──────── Exercise input ────────
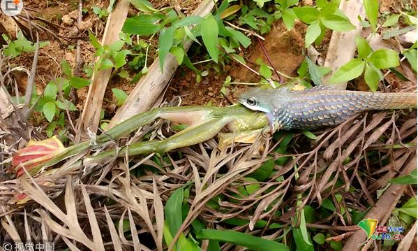 2018年7月18日,廣東東莞,藍(lán)綠鵲與蛇的地盤(pán)爭(zhēng)斗。
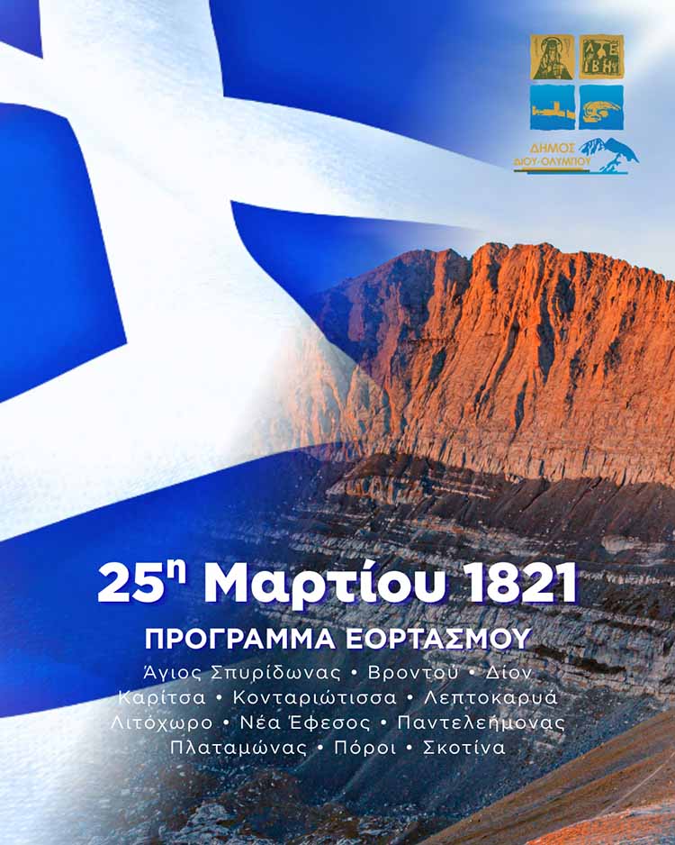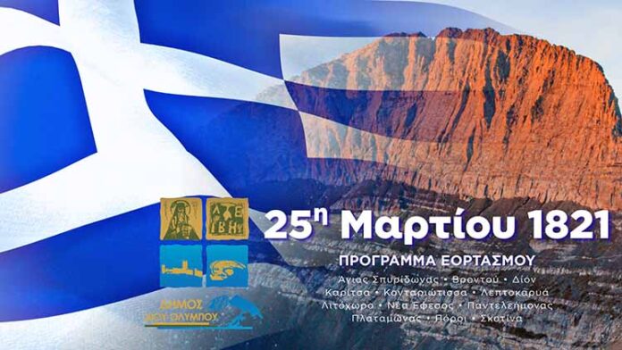Δήμος Δίου-Ολύμπου: Πρόγραμμα εορτασμού της Εθνικής Επετείου της 25ης Μαρτίου 1821
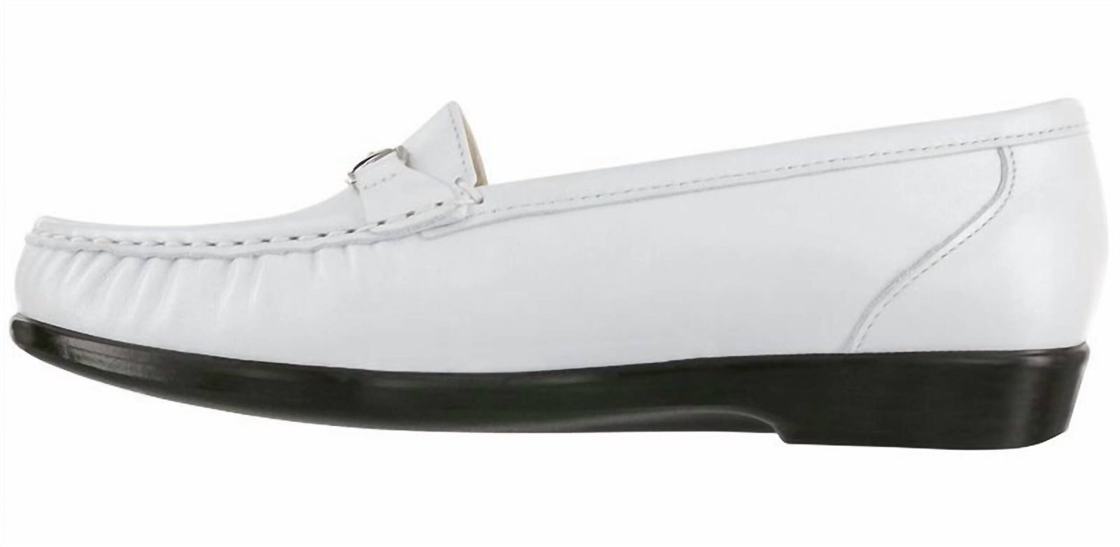 A classic loafer that is both comfortable and polished.Discover the Women's Metro Slip On Loafer by SAS in a sophisticated Pearl White shade, expertly crafted with a genuine moccasin construction. Made from soft leather, this loafer wraps comfortably around the foot and features an almond toe shape. Designed for all-day comfort, it includes a removable cushioned footbed and a shock-absorbing sole supported by a flat 1-inch heel. Perfect for the fall season, this stylish footwear is both elegant and practical, accentuated by a polished premium adornment on top.
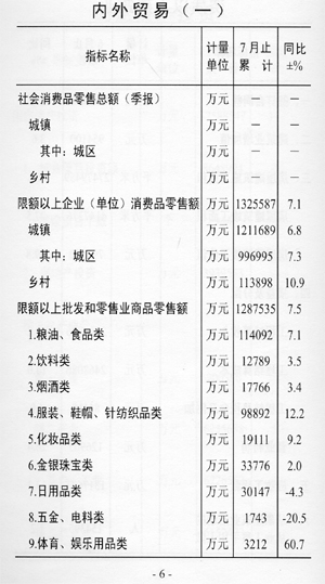 ——投資較快增長。全市固定資產(chǎn)投資完成1258.9億元,同比增長11.7%。其中,城鄉(xiāng)項(xiàng)目投資864.9億元,同比增長4.9%;房地產(chǎn)開發(fā)投資394.0億元,同比增長30.4%。分產(chǎn)業(yè)看,第一產(chǎn)業(yè)和第三產(chǎn)業(yè)投資增長較快,第一產(chǎn)業(yè)完成投資20.O億元,同比增長94.O%;第三產(chǎn)業(yè)完成投資615.2億元,同比增長17.8%。一消費(fèi)穩(wěn)步提高。全市限額以上企業(yè)消費(fèi)品零售額完成132.6億元,同比增長7.1%,為今年以來最高增速,增速同比提高1.5個百分點(diǎn)。分地區(qū)看,鄉(xiāng)村市場發(fā)展趕超城鎮(zhèn)市場,城鎮(zhèn)消費(fèi)品零售額121.2億元,同比增長6.8%;鄉(xiāng)村消費(fèi)品零售額11.4億元,同比增長lO.9%,鄉(xiāng)村高于城鎮(zhèn)4.1個百分點(diǎn)。
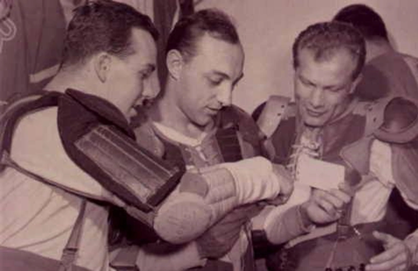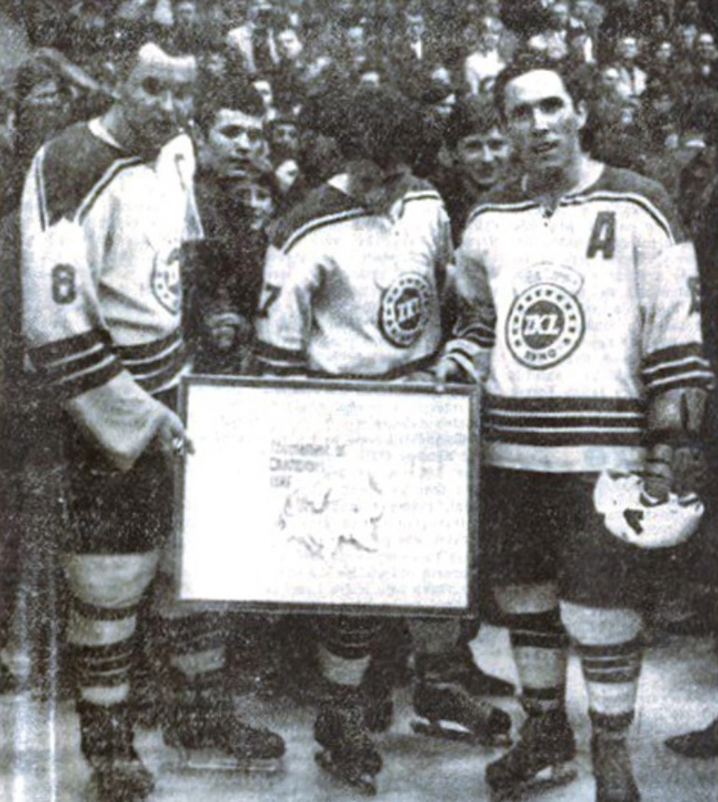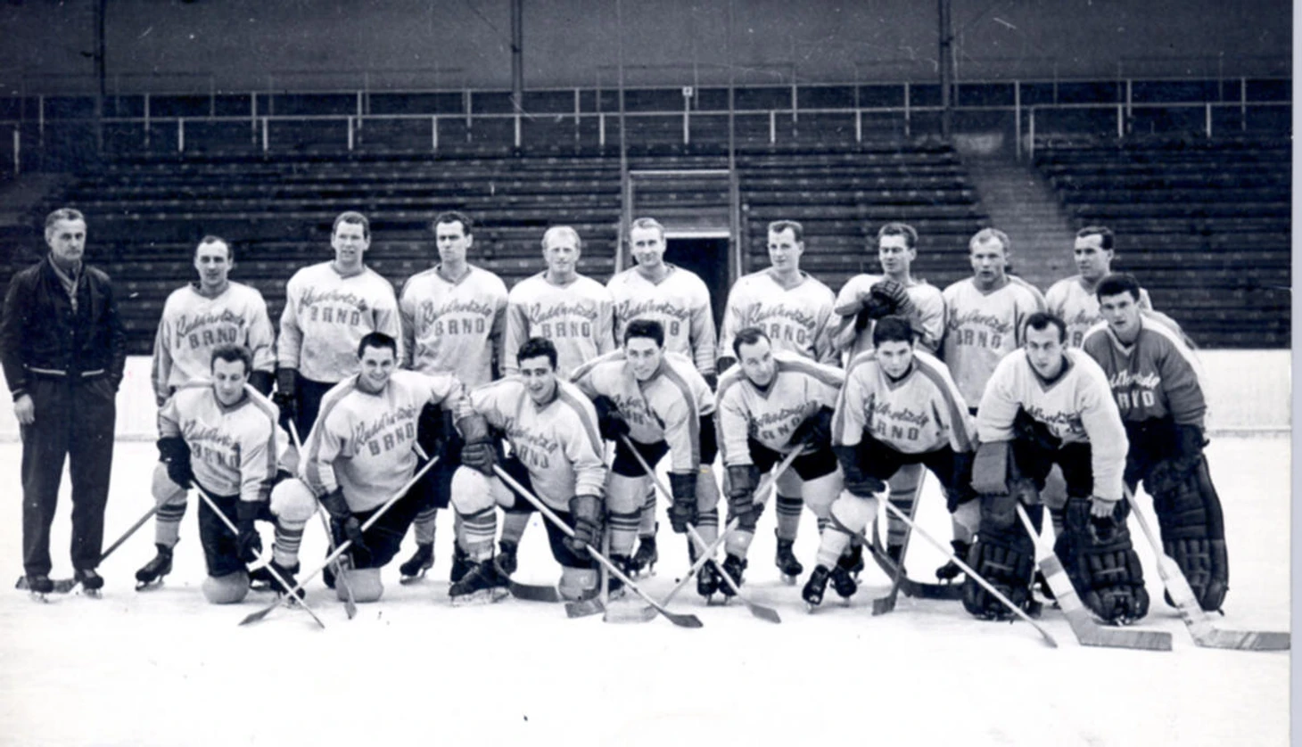 1954-55 (?). Представители «Руда гвезда» - форвард Властимил Бубник, старший тренер Владимир Бузек, председатель брененского отделения ДСО Карел Клима (в 1949-54 годах он возглавлял федерацию хоккей Чехословакии) и вратарь Иржи Колоуч любуются самым первым (?) трофеем в истории команды
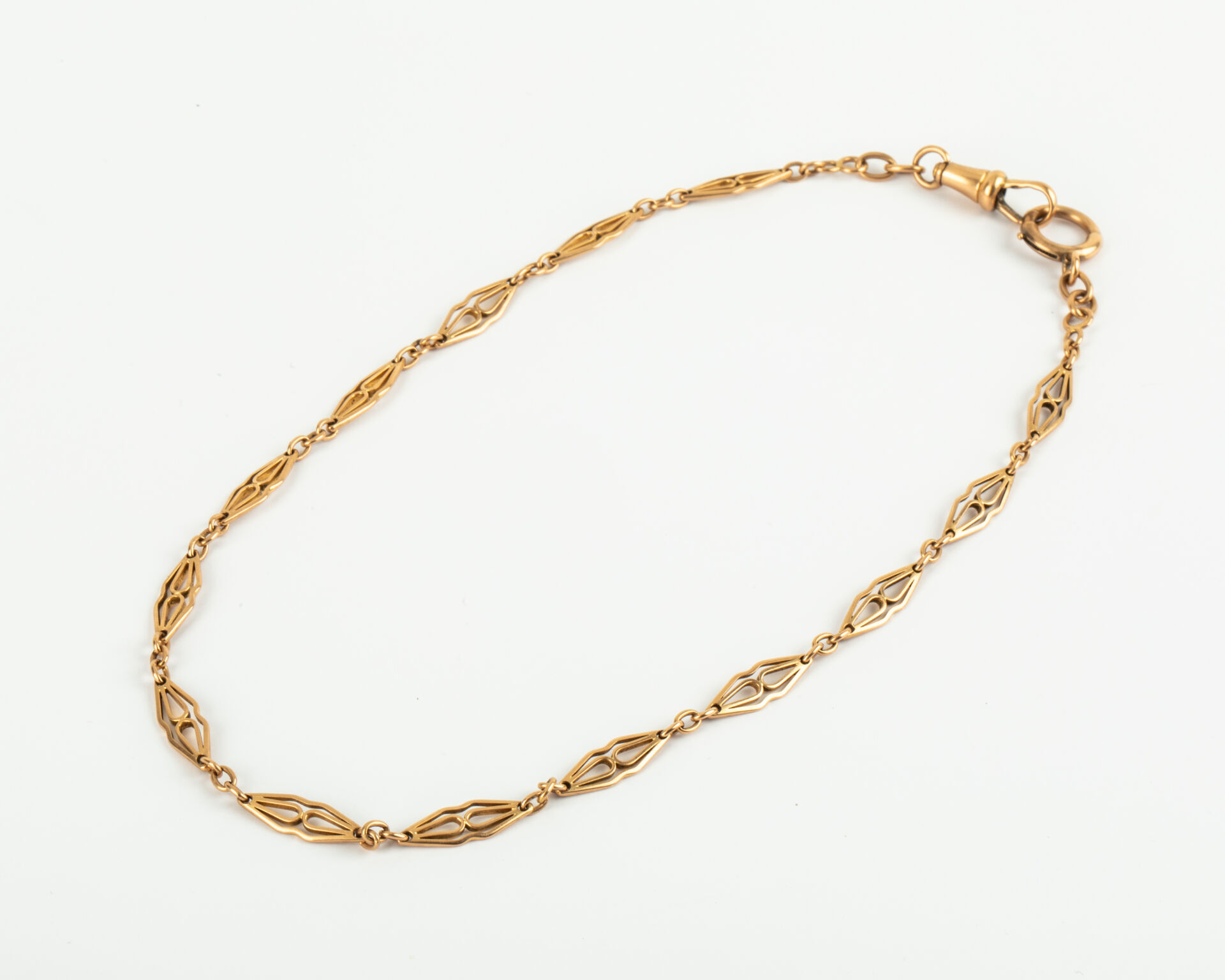 39 ESTIMATION: 800 / 900 € Chaine de châtelaine en or jaune (750 millièmes) à mailles ajourées Poids : 16 g Longueur : 39 cm
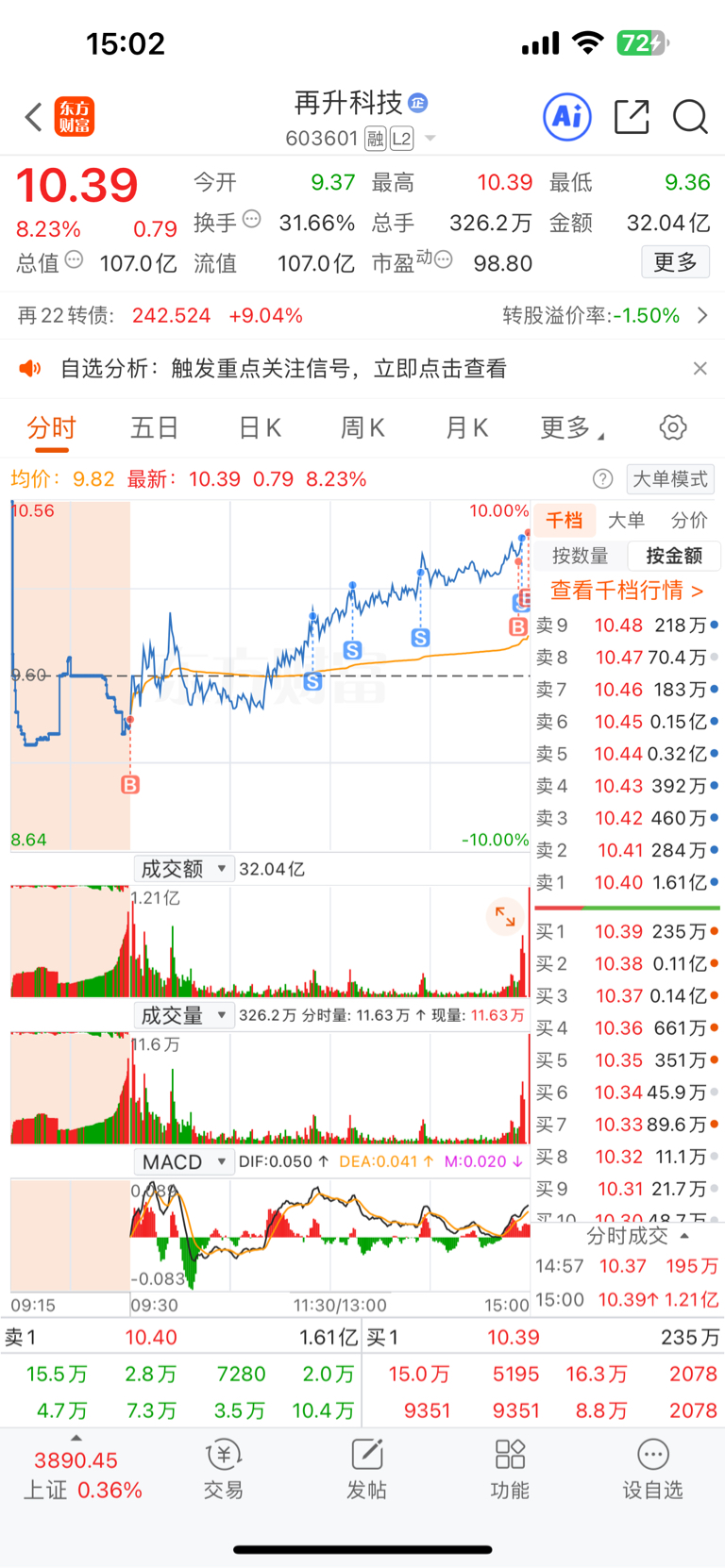 2天收获20个点,操碎了心,尾盘又是加又是减的,看到1.6亿大佬压在10.4元,
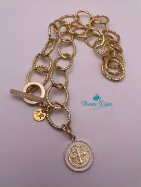 Eslabones dorados en forma ovalada con un hermoso dije de San Benito y cierre en baño .
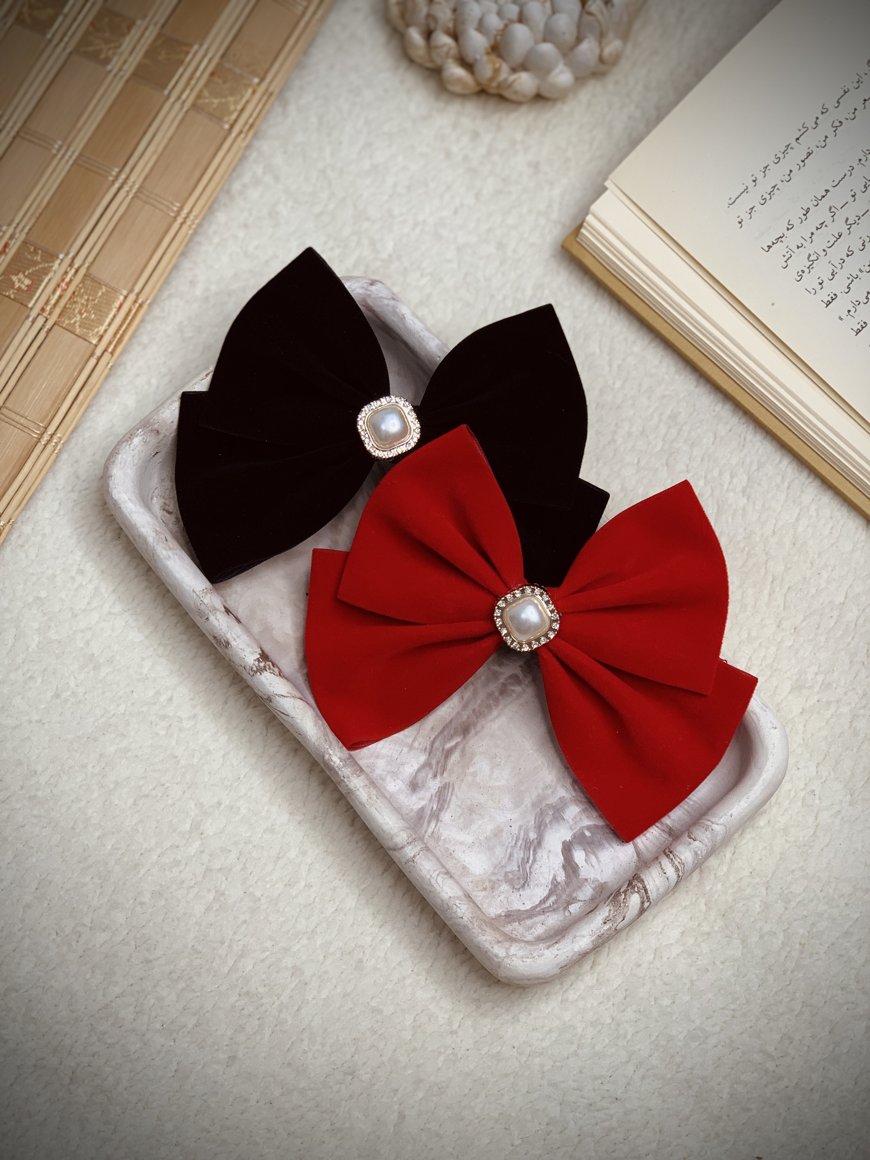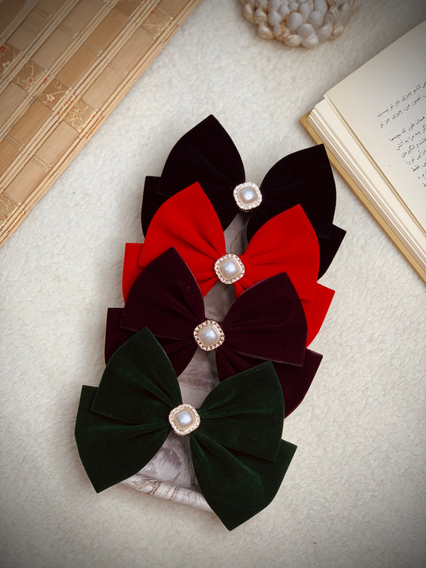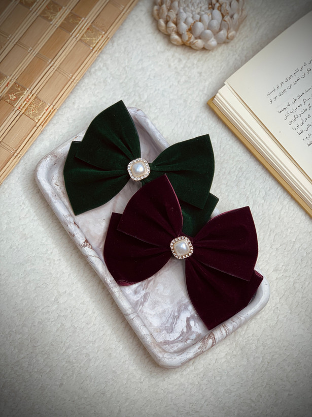 گیره مو پاپیونی مخمل نگیندار، انتخابی ظریف برای استایلهای شیک و دخترونه. ترکیب مخمل لطیف با نگینهای براق، این گیره رو به یه اکسسوری خاص برای روزمره و مهمونی تبدیل کرده.
────────
Requirement: Print exactly the first line of the entries and every line after it through the one that contains "A classic loafer", leaving the pictures out.

Result of this task:
 2018年7月18日,廣東東莞,藍(lán)綠鵲與蛇的地盤(pán)爭(zhēng)斗。
Δήμος Δίου-Ολύμπου: Πρόγραμμα εορτασμού της Εθνικής Επετείου της 25ης Μαρτίου 1821
 A classic loafer that is both comfortable and polished.Discover the Women's Metro Slip On Loafer by SAS in a sophisticated Pearl White shade, expertly crafted with a genuine moccasin construction. Made from soft leather, this loafer wraps comfortably around the foot and features an almond toe shape. Designed for all-day comfort, it includes a removable cushioned footbed and a shock-absorbing sole supported by a flat 1-inch heel. Perfect for the fall season, this stylish footwear is both elegant and practical, accentuated by a polished premium adornment on top.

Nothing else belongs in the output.